- Brief
All entries are to be copied exactly, with pictures removed.

- Extracted data
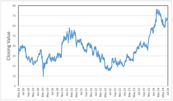 The following graph sets forth the historical performance of the common stock of Uber Technologies, Inc. based on the daily historical closing values from January 1, 2019 through July 10, 2024. We obtained the closing values below from Bloomberg. We have not undertaken any independent review of, or made any due diligence inquiry with respect to, the information obtained from Bloomberg.
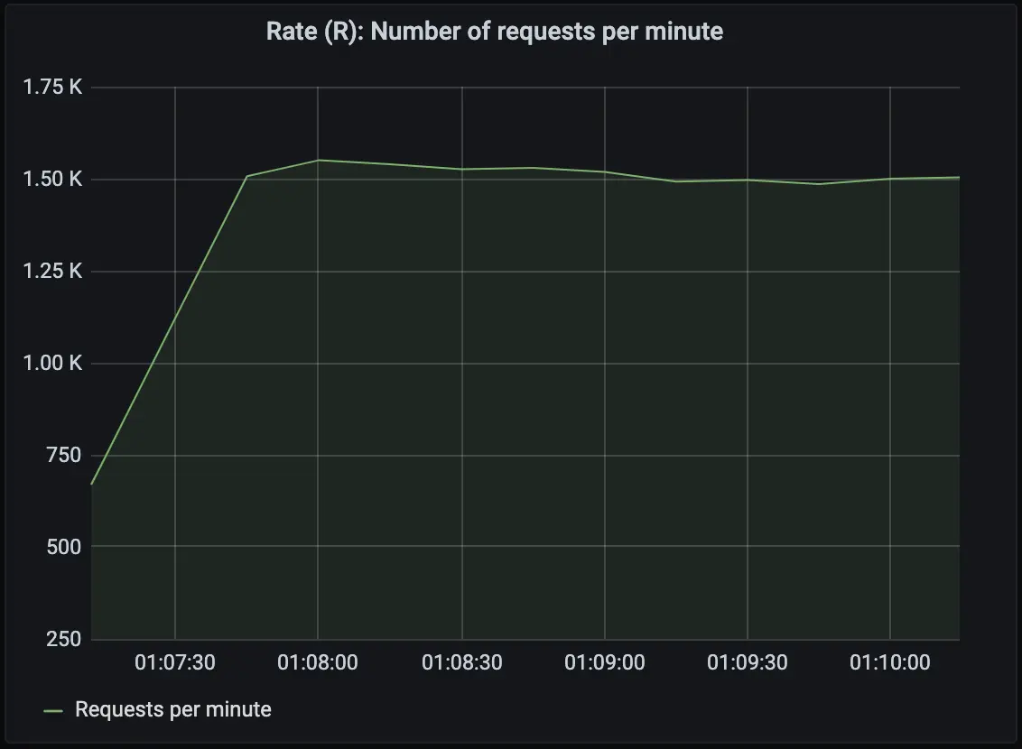 Figure 1 shows that the Node.js app was handling ~1,500 requests per minute.
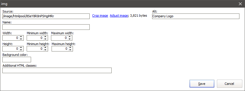 Depending on the HTML element that you have focused, opens up a dialog (below) to easily edit the various attributes of that element. |
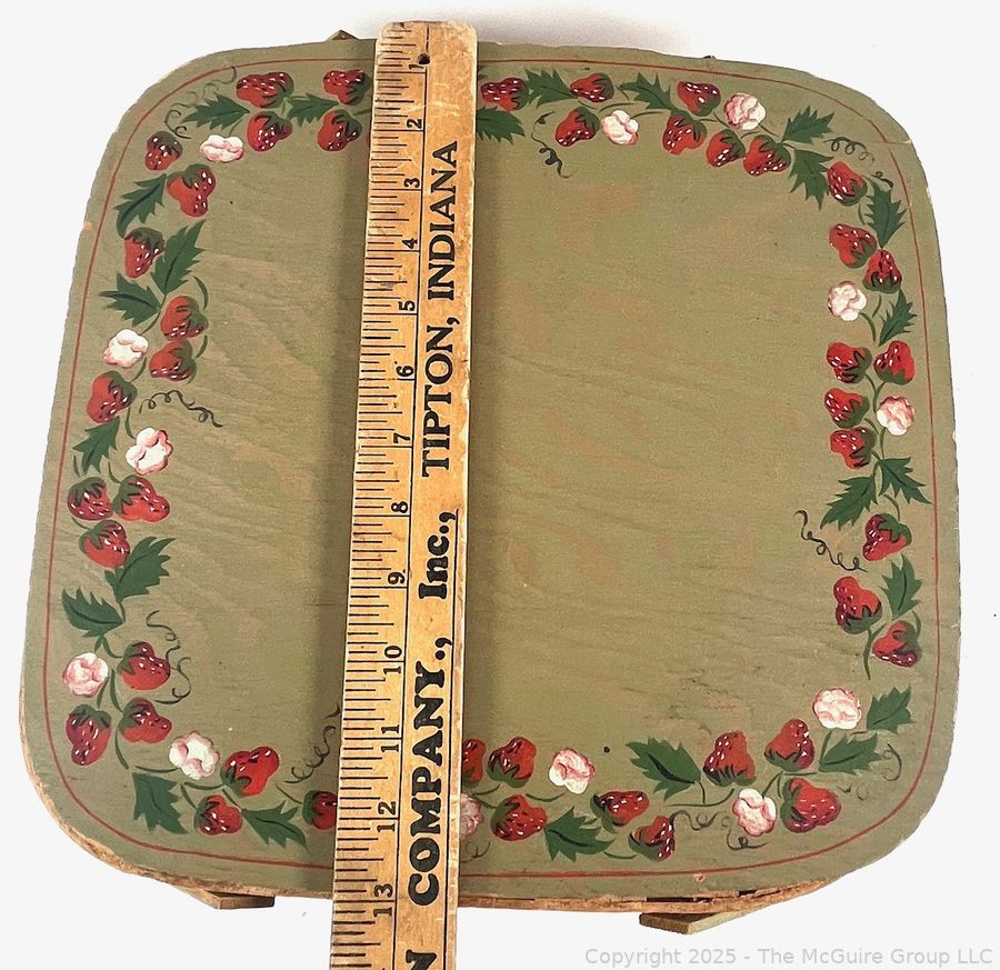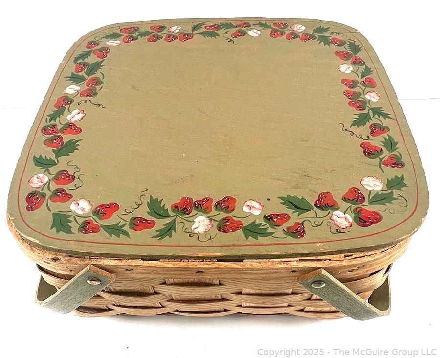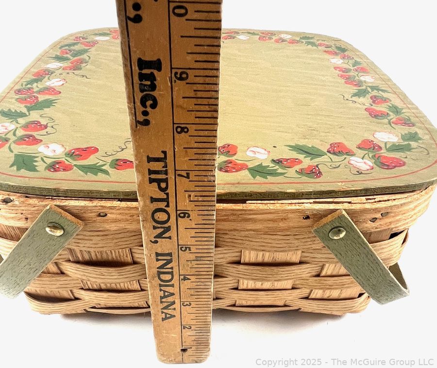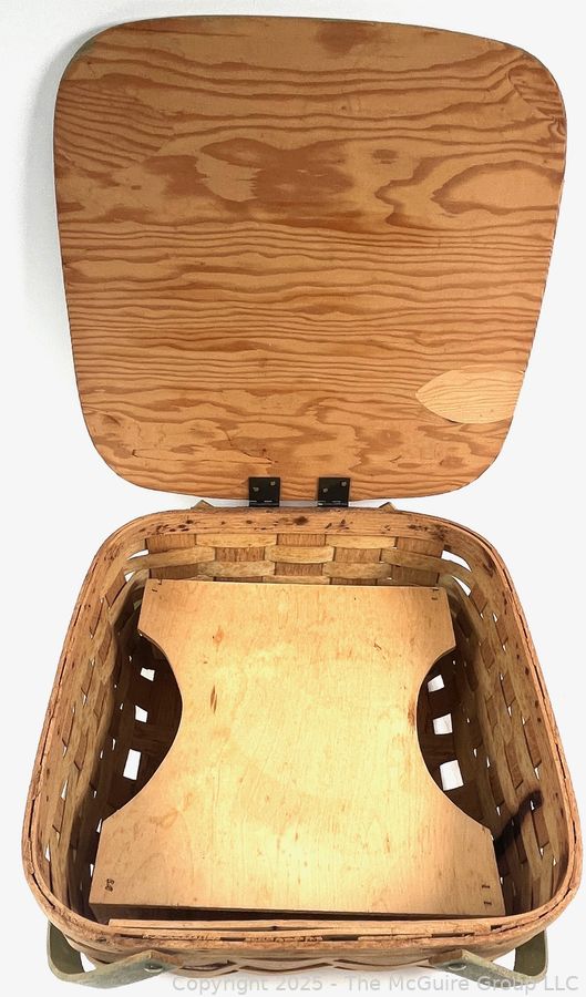 Lot #0897RM: Wood Double Handle Picnic Basket With Wood Pie Trivet Riser
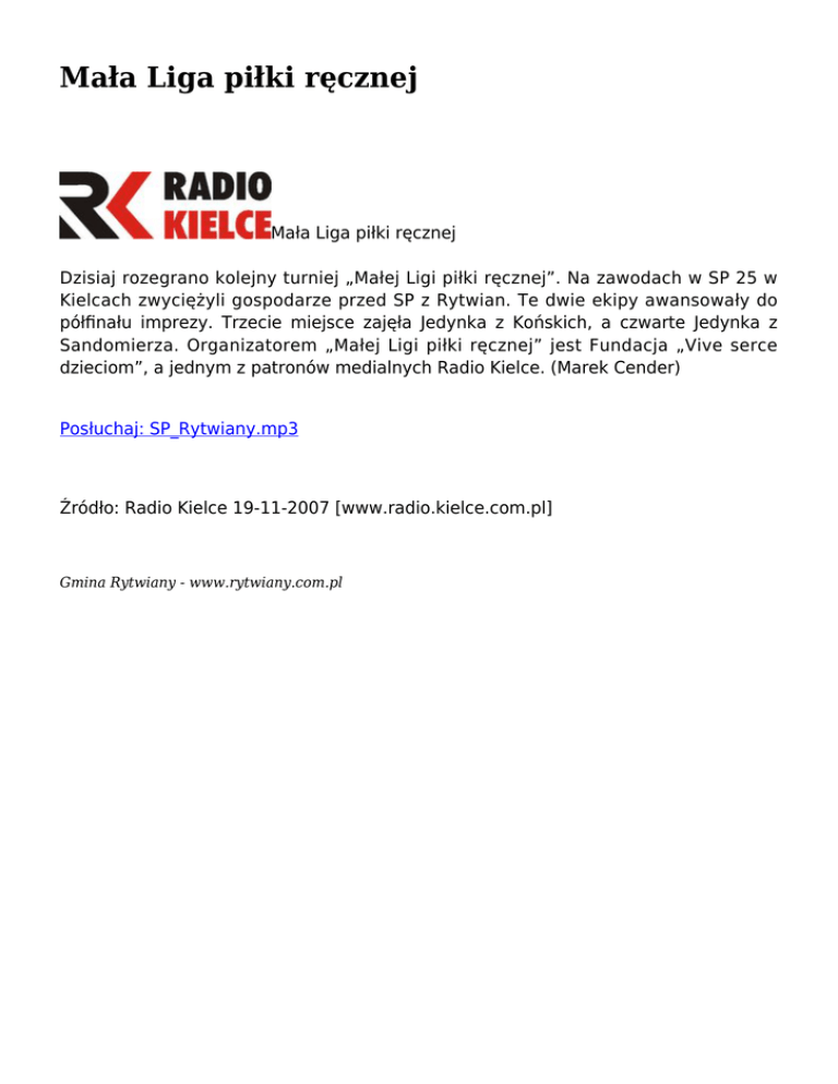 Mała Liga piłki ręcznej Mała Liga piłki ręcznej Dzisiaj rozegrano kolejny turniej „Małej Ligi piłki ręcznej”. Na zawodach w SP 25 w Kielcach zwyciężyli gospodarze przed SP z Rytwian. Te dwie ekipy awansowały do półfinału imprezy. Trzecie miejsce zajęła Jedynka z Końskich, a czwarte Jedynka z Sandomierza. Organizatorem „Małej Ligi piłki ręcznej” jest Fundacja „Vive serce dzieciom”, a jednym z patronów medialnych Radio Kielce. (Marek Cender) Posłuchaj: SP_Rytwiany.mp3 Źródło: Radio Kielce 19-11-2007 [www.radio.kielce.com.pl] Gmina Rytwiany - www.rytwiany.com.pl

- Solution to this task
 The following graph sets forth the historical performance of the common stock of Uber Technologies, Inc. based on the daily historical closing values from January 1, 2019 through July 10, 2024. We obtained the closing values below from Bloomberg. We have not undertaken any independent review of, or made any due diligence inquiry with respect to, the information obtained from Bloomberg.
 Figure 1 shows that the Node.js app was handling ~1,500 requests per minute.
 Depending on the HTML element that you have focused, opens up a dialog (below) to easily edit the various attributes of that element. |
 Lot #0897RM: Wood Double Handle Picnic Basket With Wood Pie Trivet Riser
 Mała Liga piłki ręcznej Mała Liga piłki ręcznej Dzisiaj rozegrano kolejny turniej „Małej Ligi piłki ręcznej”. Na zawodach w SP 25 w Kielcach zwyciężyli gospodarze przed SP z Rytwian. Te dwie ekipy awansowały do półfinału imprezy. Trzecie miejsce zajęła Jedynka z Końskich, a czwarte Jedynka z Sandomierza. Organizatorem „Małej Ligi piłki ręcznej” jest Fundacja „Vive serce dzieciom”, a jednym z patronów medialnych Radio Kielce. (Marek Cender) Posłuchaj: SP_Rytwiany.mp3 Źródło: Radio Kielce 19-11-2007 [www.radio.kielce.com.pl] Gmina Rytwiany - www.rytwiany.com.pl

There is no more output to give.